Porto addosso i segni delle sue mani e dei suoi denti,
ne vado fiero come ferite di guerra, l’importante è che ancora io ce la faccia a
contenerlo quando gli prende brutta. La moglie ha abdicato da un anno; ha
ragione. Non può farcela, dopo che si è trovata a terra con una costola
incrinata, solo perché Tommy le voleva dare una carezza un po’ manesca. La madre
lo teme, anche se lo ama da morire, perché è sempre il suo bambino, pure le
volte che si mette a saltare e trema il pavimento.
Ancora ce la facciamo e siamo fortunati, perché possiamo
permetterci qualcuno che ci aiuti ad accudirlo. Un autistico non può essere
lasciato solo nemmeno un minuto… Anche se nell’età adulta nemmeno si potrebbe
più dire che è autistico, perché per lo Stato diventa un «matto generico».

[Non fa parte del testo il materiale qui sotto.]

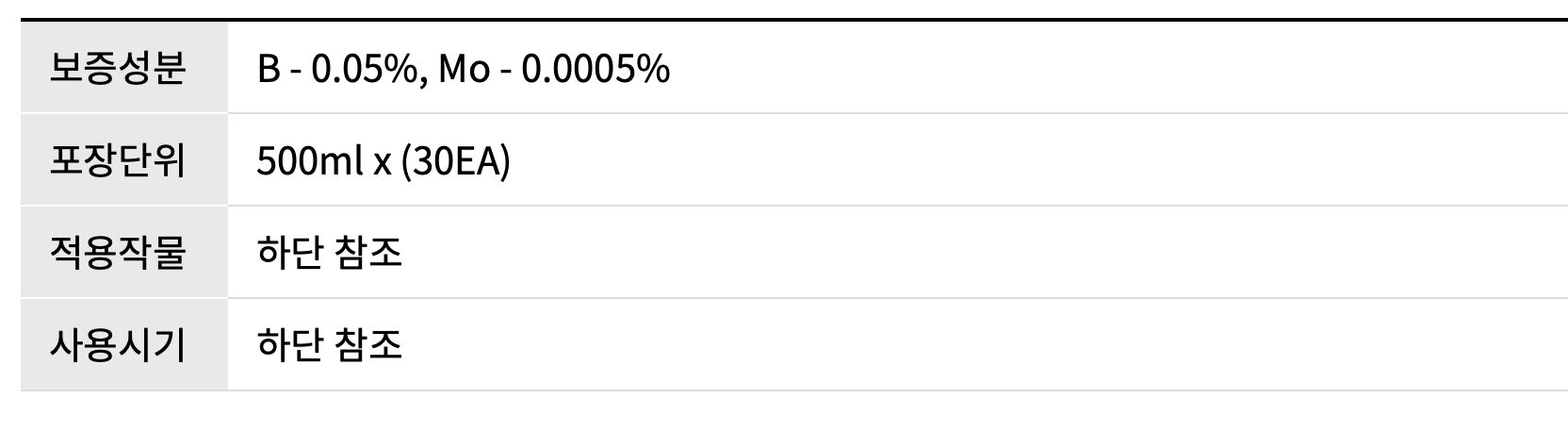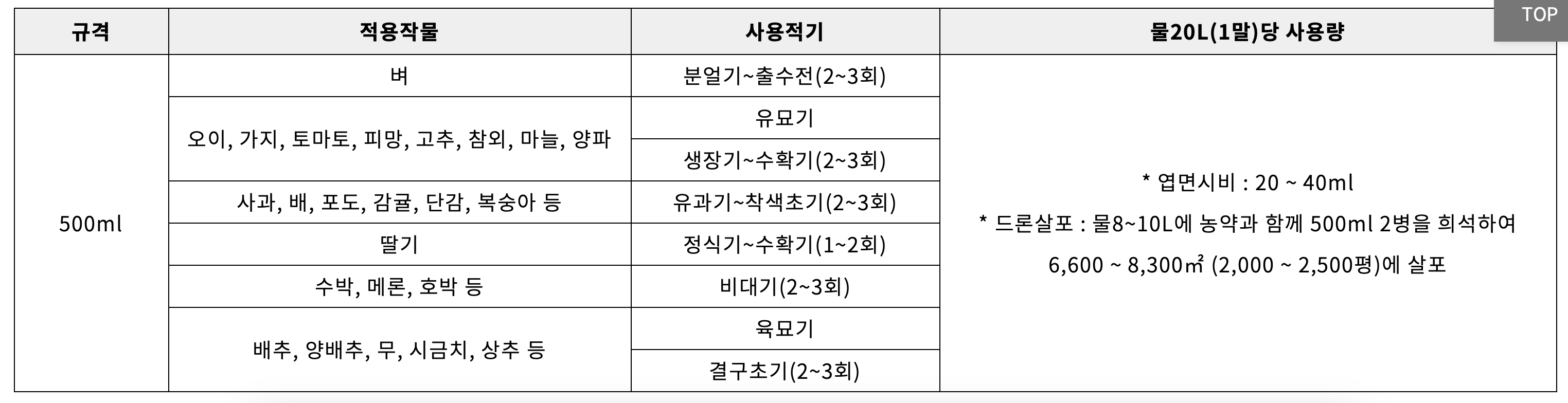 과수류 및 과채류의 꽃눈을 충실하게 하여 개화와 수정을 돕습니다.

Ormai la mia giornata la passo con Tommy accanto, anche
ora quando scrivo. Non c’è altra soluzione, non c’è nulla a misura di un
autistico cresciuto e ho deciso che me lo inventerò io. Per questo ho scritto un
libro per i tanti genitori rassegnati. Perché a me mio figlio sta bene anche
così. Vorrei solo potermi «inventare» per lui una vita felice, sono convinto che
sia possibile, basta crederci.
@@@@@@@@@@@@@
Voglio bene a Gianluca Nicoletti anche se non lo conosco di persona. Lui mi ha fatto l'onore di fare un commento sotto un mio post.
Lo ammiro da tanti anni nel suo lavoro. Da quando era in RAI con le sue logorroiche critiche televisive...

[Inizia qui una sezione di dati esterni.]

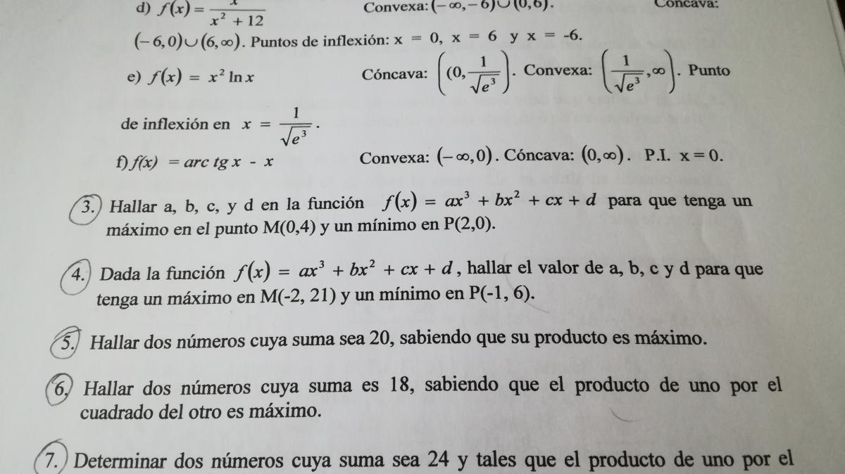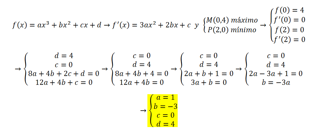Buenas tardes, no sé como resolver el ejercicio 3. Con el punto M he averiguado que d=4, y luego con el punto P he sustituido en f´(x)=3ax2 + 2bx +c y me queda que 12a+4b+c=0 ecuación 1. Y ahí me he quedado. Gracias de antemano por la ayuda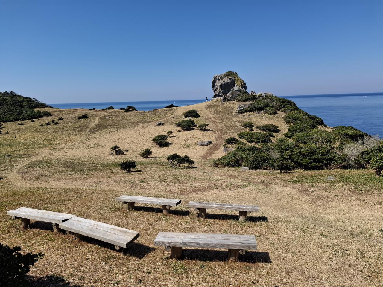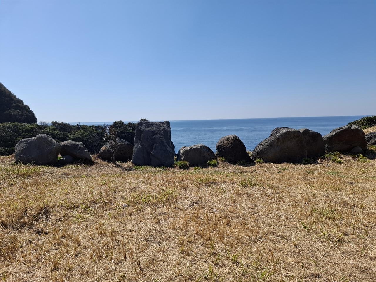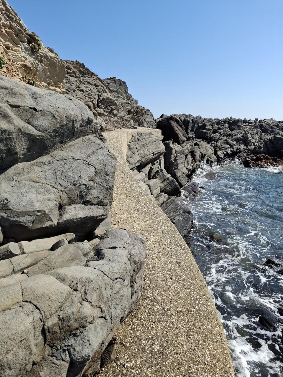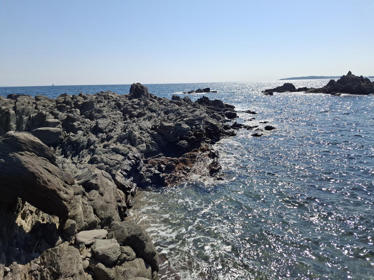 玄武岩でできているそうです。向こうに見える半島は緒津方向ですね。

Provo dolore per lui, per Tommy e per la sua esausta madre.
Come mi colpì Franco Antonello, pubblicitario di successo, quando parlò del problema di Andrea, suo figlio, nella trasmissione di Daria Bignardi, così mi colpisce quello che lui scrive.

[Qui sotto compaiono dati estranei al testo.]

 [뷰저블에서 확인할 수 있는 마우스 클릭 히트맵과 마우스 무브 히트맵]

Ho letto il libro ispirato da Franco Antonello su sé stesso ed il viaggio d'amore con il suo Andrea, nella speranza di trarlo fuori dalla prigione dello "spettro autistico".
Spettro che significa tante cose, in quanto ancora non ci hanno capito molto, perché ogni persona che ne è affetta, pur avendo alcuni aspetti comuni, presenta comportamenti diversi.
L'unica cosa che sanno è che bimbi nati apparentemente sani poi iniziano a presentare sintomi autistici o dello spettro autistico e che sono in aumento.
Perché? Non sanno neppure questo. Si era pensato alle vaccinazioni, ad una reazione in soggetti predisposti che causa il danno. Ma è rimasta solo un'ipotesi, senza dati oggettivi.